Förderjahr 2023 / Projekt Call #18 / ProjektID: 6872 / Projekt: MONITAUR
The development of new internet services brings significant benefits to society. Many of these services rely on sophisticated algorithms or machine learning models, enabling them to tackle challenging tasks efficiently. Consequently, they simplify our lives by automating complex processes and spare our time by providing effective solutions.

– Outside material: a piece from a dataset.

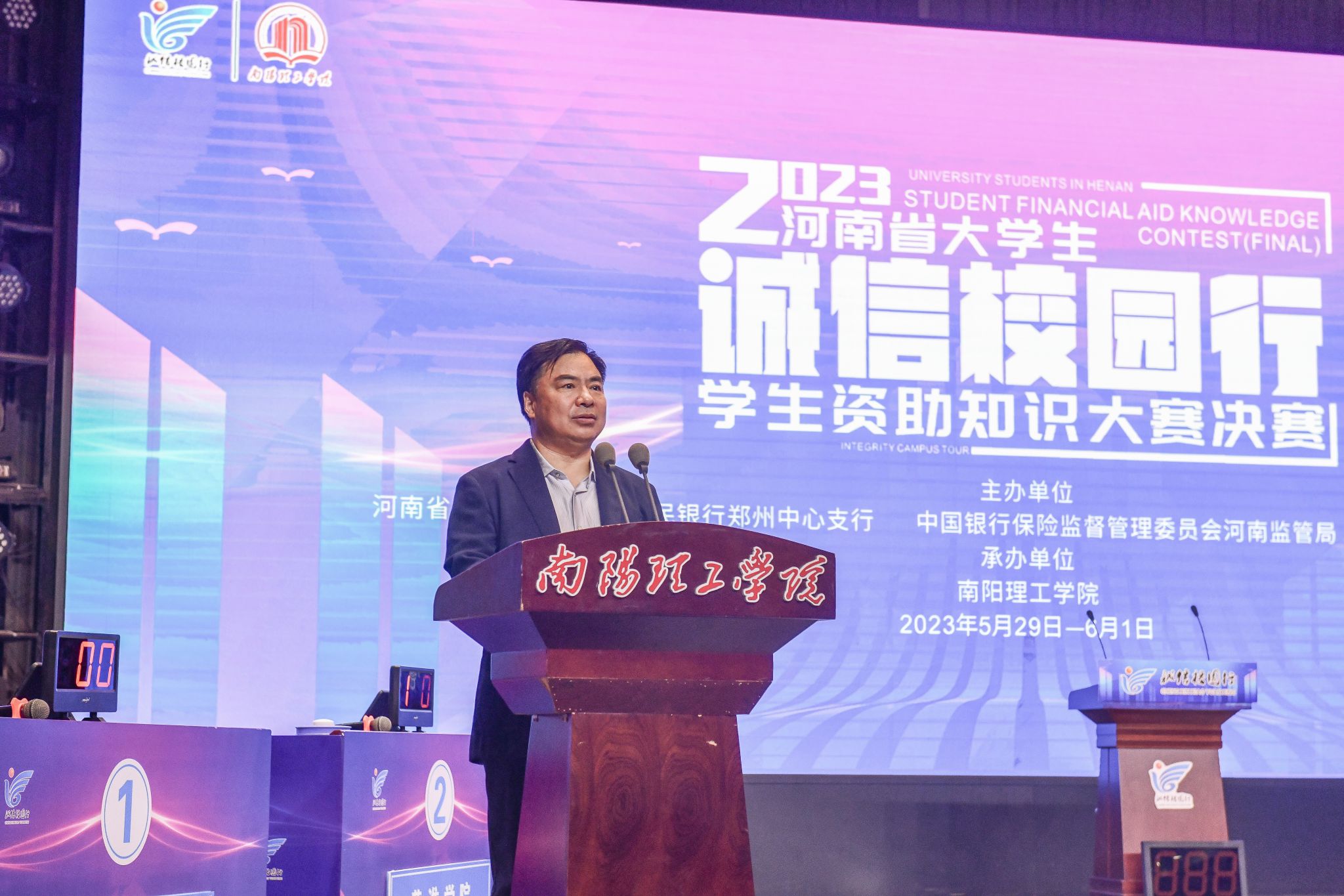 本网讯 5月29日至6月1日,由河南省教育厅、中国人民银行郑州中心支行、中国银行保险监督管理委员会河南监管局、国家开发银行河南省分行联合主办,南阳理工学院承办的2023年河南省大学生“诚信校园行”学生资助知识大赛决赛在南阳理工学院举行。教育部全国学生资助管理中心党委委员、副主任陈淑梅,省委教育工委专职委员吕冰,中国人民银行郑州中心支行党委委员、副行长崔晓芙,中国银行保险监督管理委员会河南监管局一级巡视员张宗俊,以及我校党委书记刘荣英、校长安士伟,党委副书记、工会主席董豪等出席决赛现场。

Yet, sharing valuable machine learning or complex algorithmic solutions on the Internet exposes owners to potential risks. While not fully disclosed, the underlying program logic is utilized in a service accessible to clients for sending requests and receiving feedback. Such interactions may reveal crucial details about the solution and, if manipulated by a malicious entity, could be exploited for service theft, leading to a violation of intellectual property rights. For instance, if a service with a machine learning model underneath is under attack, a malicious client can use the service feedback to train their own machine learning model, replicating the behaviour of the original model. Subsequently, such an illegally copied model can be offered as a cheaper alternative solution, leading to profit loss for the original service provider and forming unfair competition.
To address such violations of intellectual property of service providers, in MONITAUR, we aim to develop a monitoring toolkit for tracking the traffic of service clients to detect those behaving suspiciously. We will combine the state-of-the-art approaches to prevent, in particular, machine learning model theft and integrate these detection techniques into open-source monitoring tools.
By reducing risks of unauthorized service copying, MONITAUR aims to enhance the safety of sharing complex solutions as services on the Internet and promote a more open and secure community.